HECO has spent considerable time talking to stakeholders, he said.

This has meant h0lding focus groups with residential ratepayers, and organizing panel discussions events like the May series executives from companies ranging from smaller firms like Stem to giants such as Siemens and General Electric.

Instead of refiling a project application for a system-wide project with a specific cost estimate, the draft is more a strategy outline that envisions a modernization program that will take place in phases with “conceptual cost estimates.”

A phased approach will prevent HECO from being locked into any one technology that would then be applied to nearly half a million customers. That lowers risks, Ching said. It also lets HECO make upgrades strategically based on customer needs.

In simple terms, this means HECO won’t be locked into making everyone use the grid equivalent of an old Blackberry, when the news iPhone might be just around the corner.

“We’re not making one big bet on one product,” he said.

Meanwhile, companies like Stem Inc. are playing a role through pilot programs like its energy storage venture with HECO. Stem’s Glauthier said modernizing Hawaii’s grid is a long-term adventure.

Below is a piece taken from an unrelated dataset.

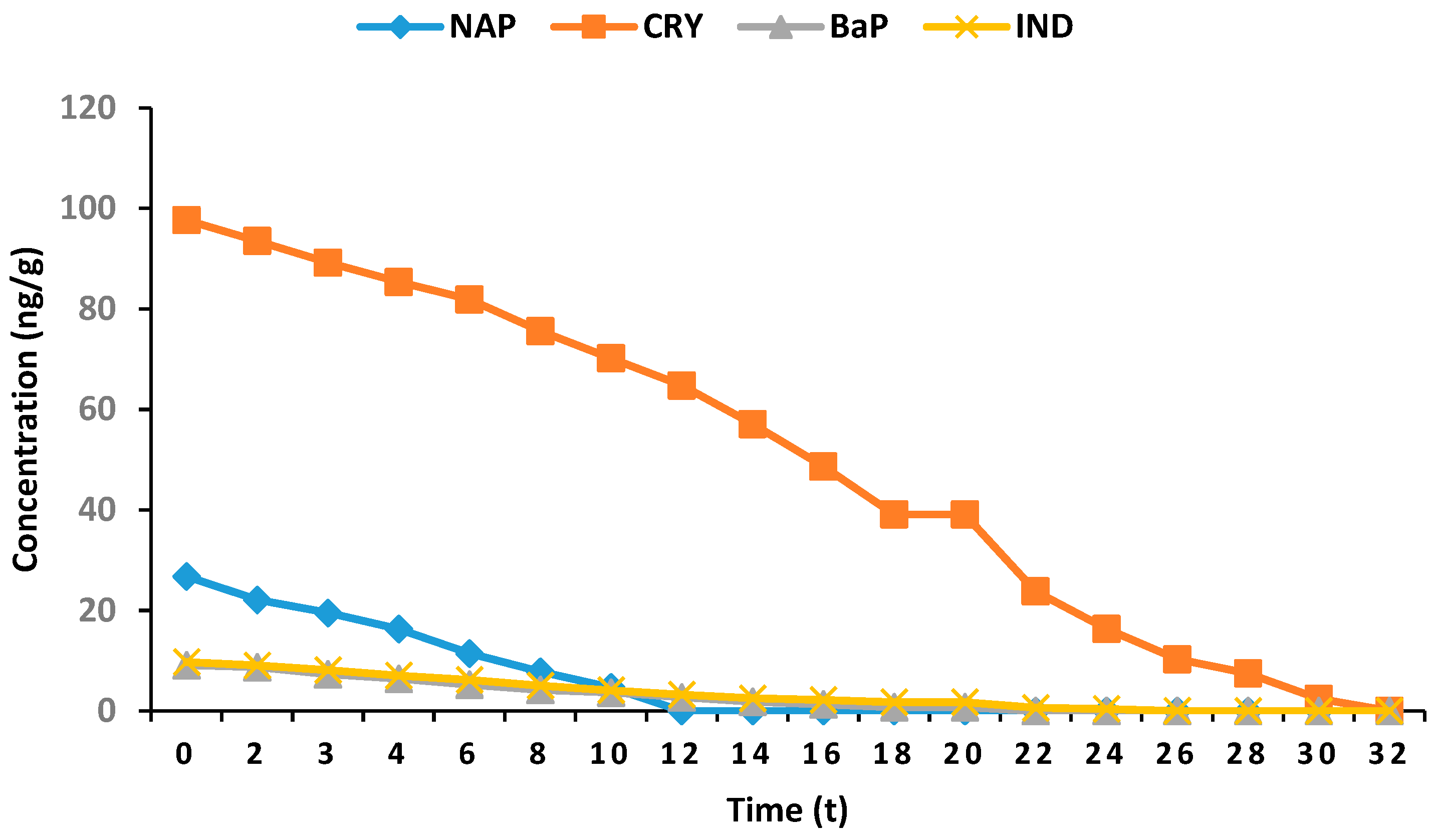 - El-Saeid, M.H.; Al-Turki, A.M.; Nadeem, M.E.; Hassanin, A.S.; Al-Wabel, M.I. Photolysis degradation of polyaromatic hydrocarbons (PAHs) on surface sandy soil. Environ. Sci. Pollut. Res. 2015, 22, 9603–9616. [Google Scholar] [CrossRef]

“We’re embarking on a journey that we don’t know the last 10 years of, or the last five years of,” he said.

For now, he said, “There’s a lot of focus on the first five years.”

Whatever form it takes, Glauthier said, the grid is here to stay.

He said he doesn’t put much stock in the doomsday scenario of people leaving the grid after setting up their own solar and storage systems, thereby driving up the rates of remaining utility customers and causing more defections.

“It would be silly to think there aren’t economies of scale in energy production,” he said. “Of course, there are.”